Apesar da evolução no número de templos, a Mundial se destaca pelo uso da televisão. Detentora de 22 horas diárias no Canal 21, a igreja atinge milhares - senão milhões - de espectadores que acompanham os cultos e as Concentrações de Fé, a unção da água e as mensagens do apóstolo e dos bispos no programa O Poder Sobrenatural da Fé. O apóstolo demonstra um apetite voraz por horas na mídia, chegando a custar antigas alianças. Em agosto de 2011, Valdemiro adquiriu a madrugada da Band (das 2h às 6h45), antigamente ocupada pelo pastor Silas Malafaia, da Assembleia de Deus Vitória em Cristo. Em resposta, a assessoria de imprensa de Malafaia afirmou que o líder da Mundial era um “traíra” (sic) e que ele possuía o “espírito de escorpião”.

Atritos com outras lideranças religiosas é uma constante na vida de Valdemiro. Seu principal opositor é Edir Macedo, simplesmente denominado o “bispo” ou o “sacerdote”. As práticas e os rituais da Universal, como a utilização do sal grosso e o nó na camisa, são taxados de “macumba” pelo apóstolo. Outro rival é R. R. Soares, apelidado de “tio”, com quem Valdemiro disputa acirradamente o espaço midiático nas emissoras de televisão.

A presença nas páginas policiais é mais um problema enfrentado pela denominação. Em março de 2010, a prisão de três pastores da Mundial com armamento pesado em uma rodovia do Mato Grosso do Sul foi notícia em grandes emissoras, como a Globo e a Record. O próprio Valdemiro já foi preso por porte de armas e munição, na cidade paulista de Sorocaba em 2003.

Como se não bastasse, o apóstolo ainda tem que lidar com a saída de bispos e pastores. O terceiro homem da igreja, o bispo Roberto Damásio, abriu a primeira dissidência da Mundial em 2010, a Igreja Mundial Renovada. Posteriormente, o bispo Sebastian de Almeida fundou o seu Templo Mundial do Resgate da Fé. Ambos contam com suas sedes no bairro paulistano do Brás, próximas ao Grande Templo dos Milagres.
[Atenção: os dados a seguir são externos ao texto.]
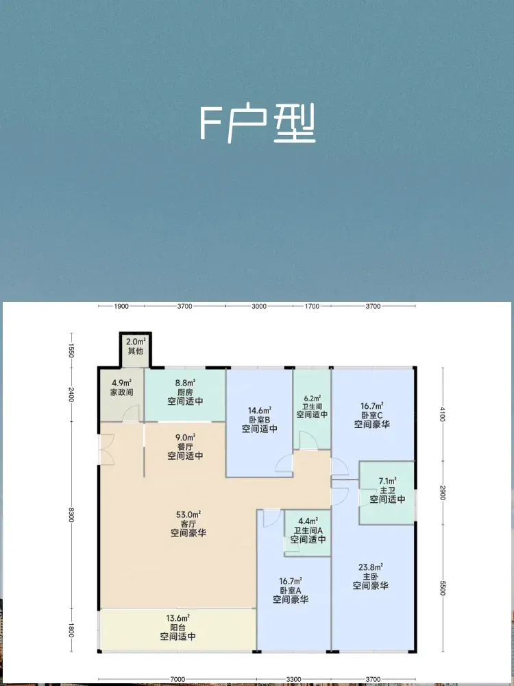 【F户型 190㎡ 四房两厅三卫】
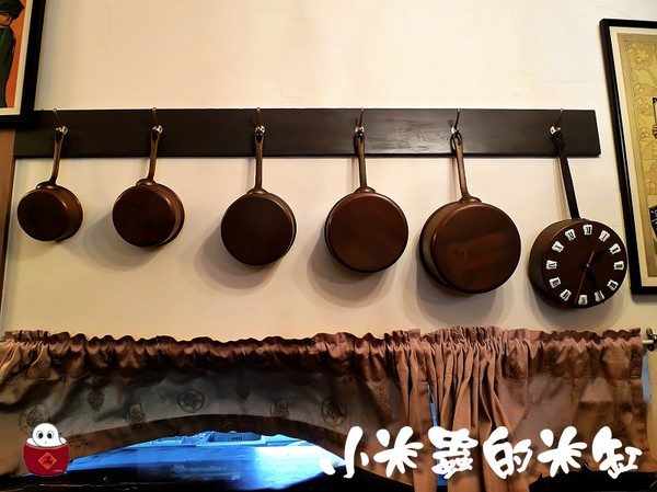 在廚房出菜口附近有排用鍋具打造的裝飾品~
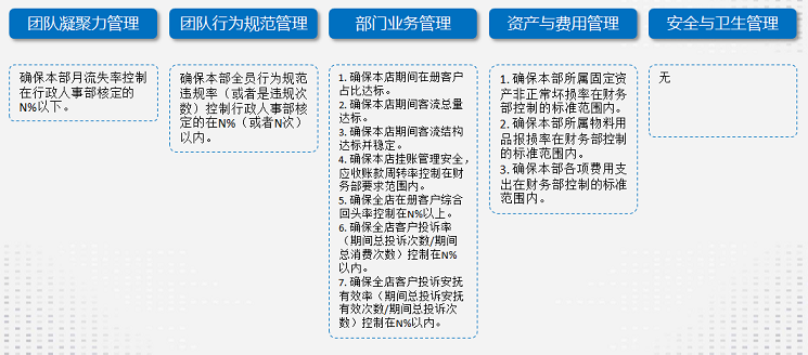 也就是所有的完成标准都由数据来体现,部门职责不仅仅需要描述应当什么,更要描述在什么时间,应当做到什么样。通过这种方法,我们举一反三就可以将企业的整体目标顺利分解到各个部门成为每个部门的职责。然后更可将部门的指标进行分解,就得到了部门各工作岗位的岗位职责。最后更进一步将岗位职责细化,就变成了每一个员工的工作时序。
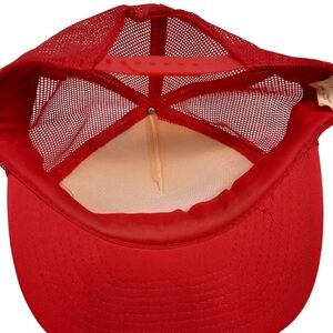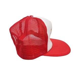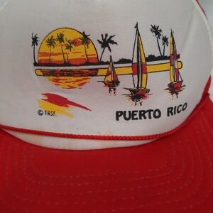 Features foam front with Puerto Rico graphic, red twisted rope around brim, flat brim, plastic snapback, one size fits all, red trucker mesh back, vintage 1980s baseball hat, trucker hat.
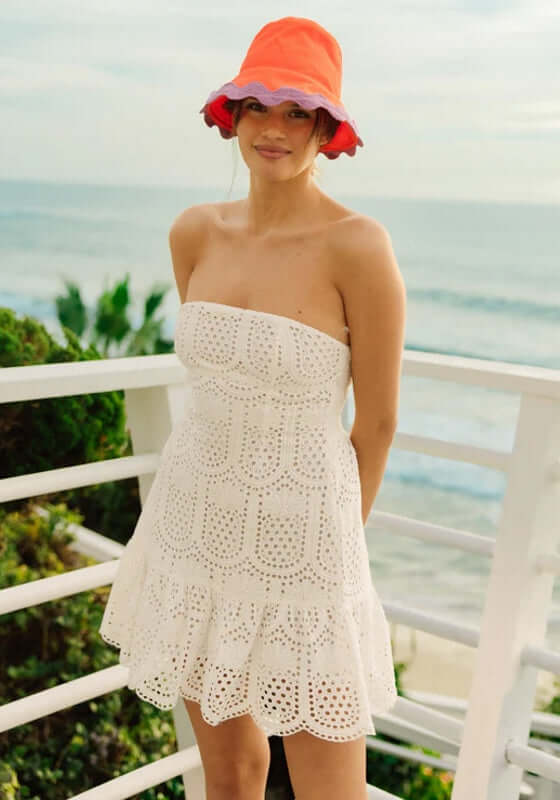 The perfect daytime summer dress has arrived! The Ivana Dress in White by resortwear designer Sundress, this beautiful strapless summer dress features a pineapple eyelet detail with a ruched back for the ultimate fit and a flattering tired skirt finished with a gathered flounce detail along the bottom. The perfect new addition to your summer dress collection.
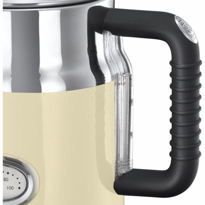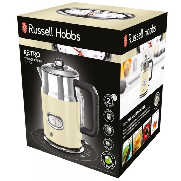 Кремовий чайник Vintage Cream входить в колекцію приладів для сніданків Retro, яка включає в себе ще тостер і кавоварку. Елегантний ретро дизайн чайника Vintage Cream чудово поєднує в собі сучасні технології і привабливий зовнішній вигляд. Корпус виконаний з хромованої нержавіючої сталі. Бархатиста прогумована ручка прикрашена стильним вензелем Russell Hobbs.

A predileção dos dissidentes por levar a marca Mundial adiante já está rendendo uma certa confusão na cabeça dos fiéis: em cultos transmitidos no Canal 21, a igreja já foi chamada de Igreja Mundial da Fé e Igreja Mundial de Deus por duas mulheres, que diziam estar curadas de seus males.
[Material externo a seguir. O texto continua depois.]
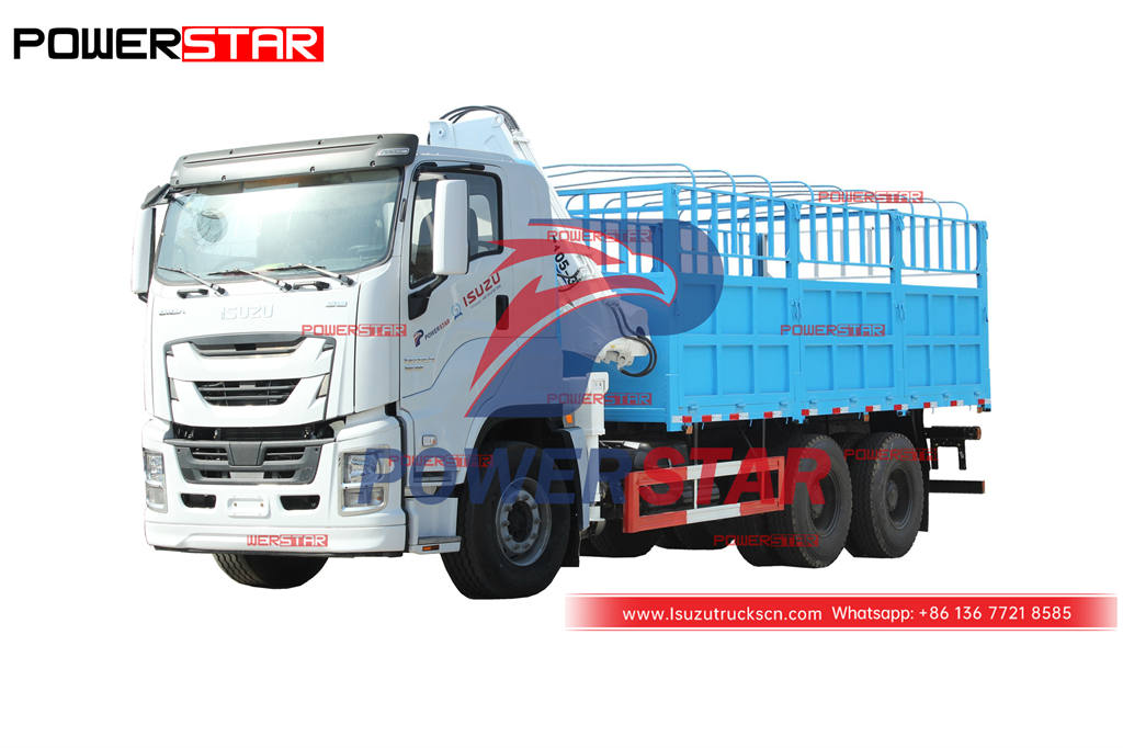 ISUZU GIGA Truck Mounted Crane (also called ISUZU truck with crane, ISUZU Cargo Crane Truck) suitable for multiple work applications, such as electric line maintenance and construction, transmission and distribution, tree trimming and other related uses. Articulating cranes, which are also known as knuckle boom cranes, are designed to be lightweight and highly maneuverable for maximum payload while working in tight spaces.
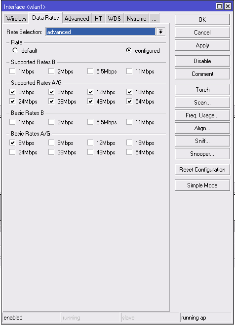 server801 Posted December 11, 2011 Posted December 11, 2011 Вот про последнее Так же вы забыли привести вкладку Data Rates. На ней на базе нужно поснимать галочки с не используемых скоростей. Если используете только A, тогда скорости MCS должны быть отключены (галочки сняты), если используете только N, тогда все галочки со скоростей A должны быть сняты. Вы показали бы в картинках! Тогда были бы еще больше признательней. Спасибо! Вставить ник Quote
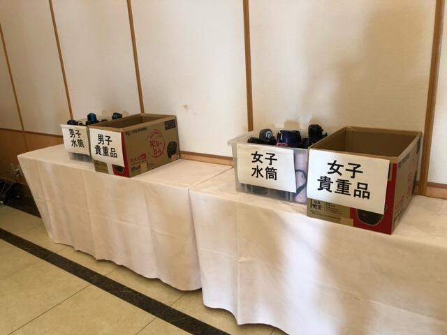 朝食会場後方には、昨夜預けた貴重品と水筒が置いてありました。
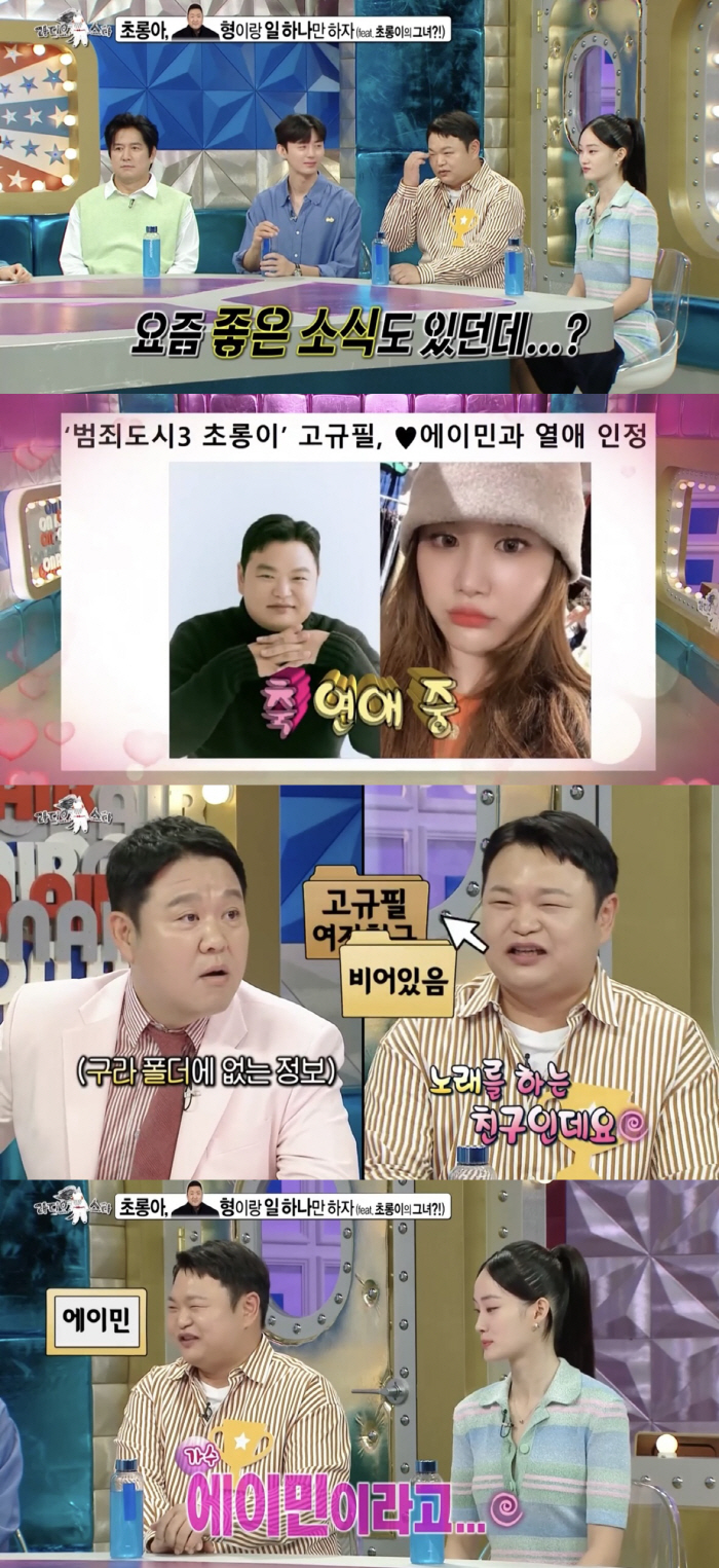 이어 고규필은 MC들이 "요즘 또 좋은 소식이 있지 않나. 열애설이 났다"고 하자, "노래하는 친구고 에이민이라고 한다. 사실 열애 기사가 날 줄은 꿈에도 몰랐다. 알고 지내고 사귄 기간은 9년인데, 꽉 채운 9년은 아니다. 그 기간에 이별도 있었고 왔다 갔다 했다"고 말했다.
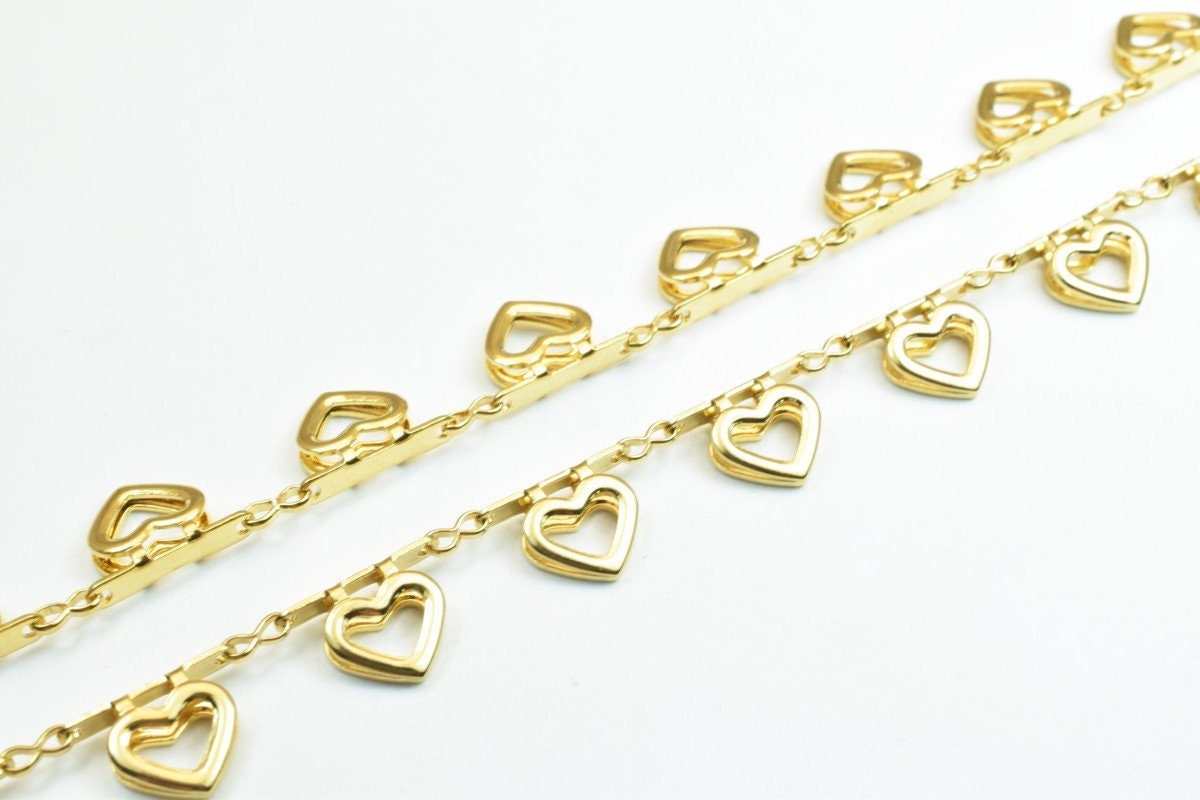 18K Gold Filled Alternative Heart Chain 17.25" 8.5mm Width Love Chain CG313

Para vencer estas adversidades, Valdemiro utiliza o discurso da perseguição religiosa e da batalha espiritual. Contra os fechamentos de sua

sede, realizados pela Prefeitura de São Paulo por causa da manutenção do templo e da superlotação, o apóstolo e seu séquito acusaram o poder público de empreender “uma tribulação sinistra e ameaçadora”, nas palavras do segundo homem da denominação, o bispo Josivaldo Batista. Para se diferenciar dos líderes de outras igrejas empresariais, Valdemiro deixou claro em um vídeo transmitido no Canal 21 que “em toda a perseguição que este ministério sofre, você não ouve falar o meu nome”, afirmando que outros pregadores sofrem perseguição pela sua própria má conduta na obra de Deus.
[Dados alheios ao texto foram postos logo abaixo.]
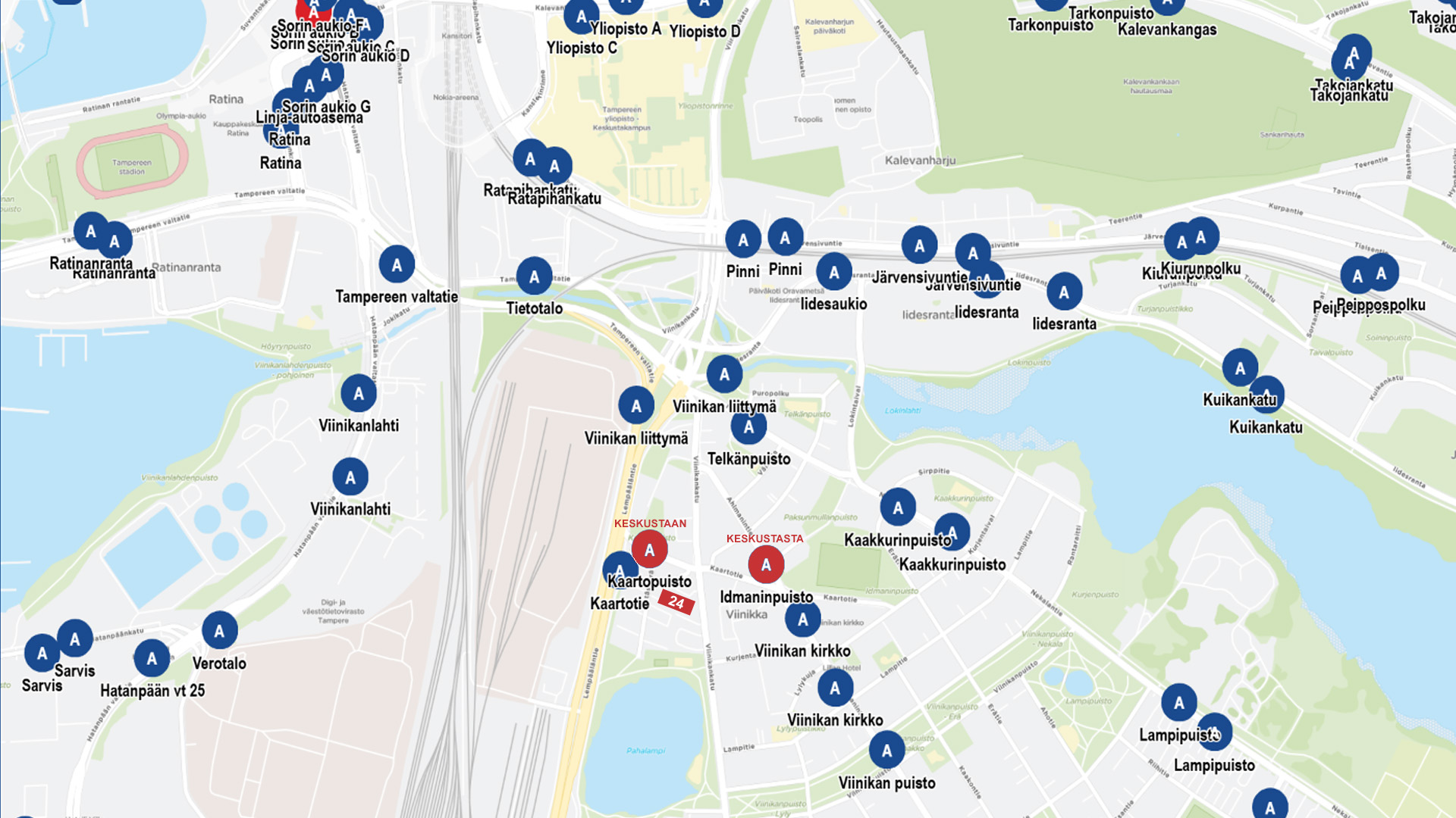 Keskustasta palatessa lähin pysäkki on n. 150 metrin päässä.
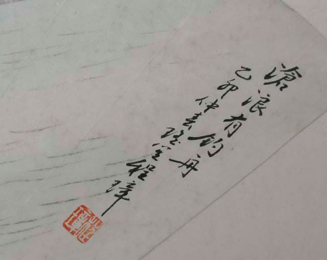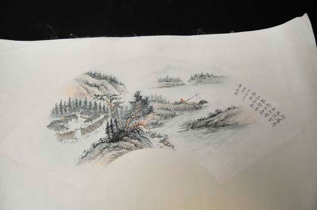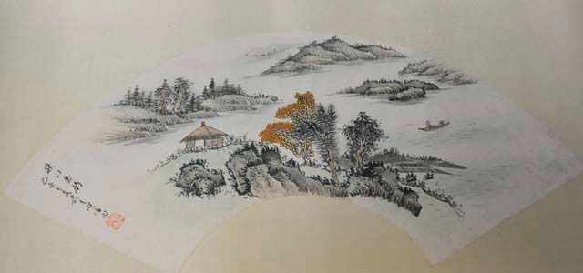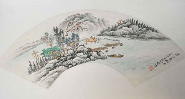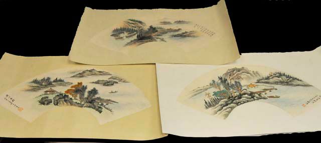 Paintings depicting boat on lake. Approx. 21" L X 7" W each. Please read our terms of sale.
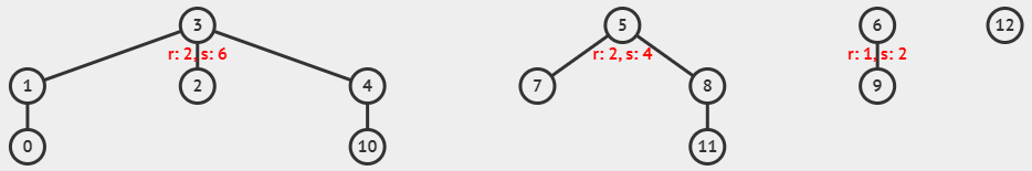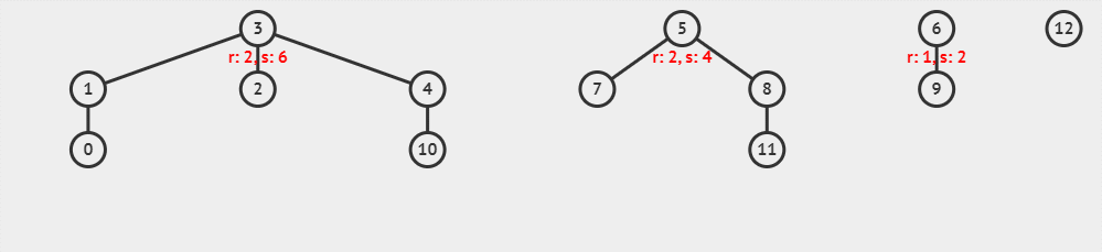 在初始化时,每个元素都是一个独立的集合,每个树的高度都为 0:

A marca Mundial, alicerçada na personalidade peculiar de Valdemiro Santiago e no uso do marketing, tem funcionado plenamente. Muito deste sucesso pode ser explicado pela teoria da escolha racional, proposta pelo sociólogo Rodney Stark. A partir de seus axiomas e pressupostos, é possível visualizar alguns aspectos da Mundial, como a busca dos fiéis por recompensas a baixos custos, a contribuição da experiência anterior de Valdemiro (na Universal) em sua nova igreja, a inovação contínua de práticas nos cultos, a falta de corporativismo entre os empresários da fé e a centralização de poder que gera dissidências.

A Igreja Mundial do Poder de Deus é fruto do seu tempo. Tempo em que os fiéis, agora consumidores, têm liberdade de escolha e montam o seu próprio repertório de crenças e práticas. Tempo em que as igrejas mudaram o seu posicionamento para empresas sobrenaturais, solucionando os problemas dos clientes de forma ágil e eficaz. Tempo em que o marketing está ao lado da fé.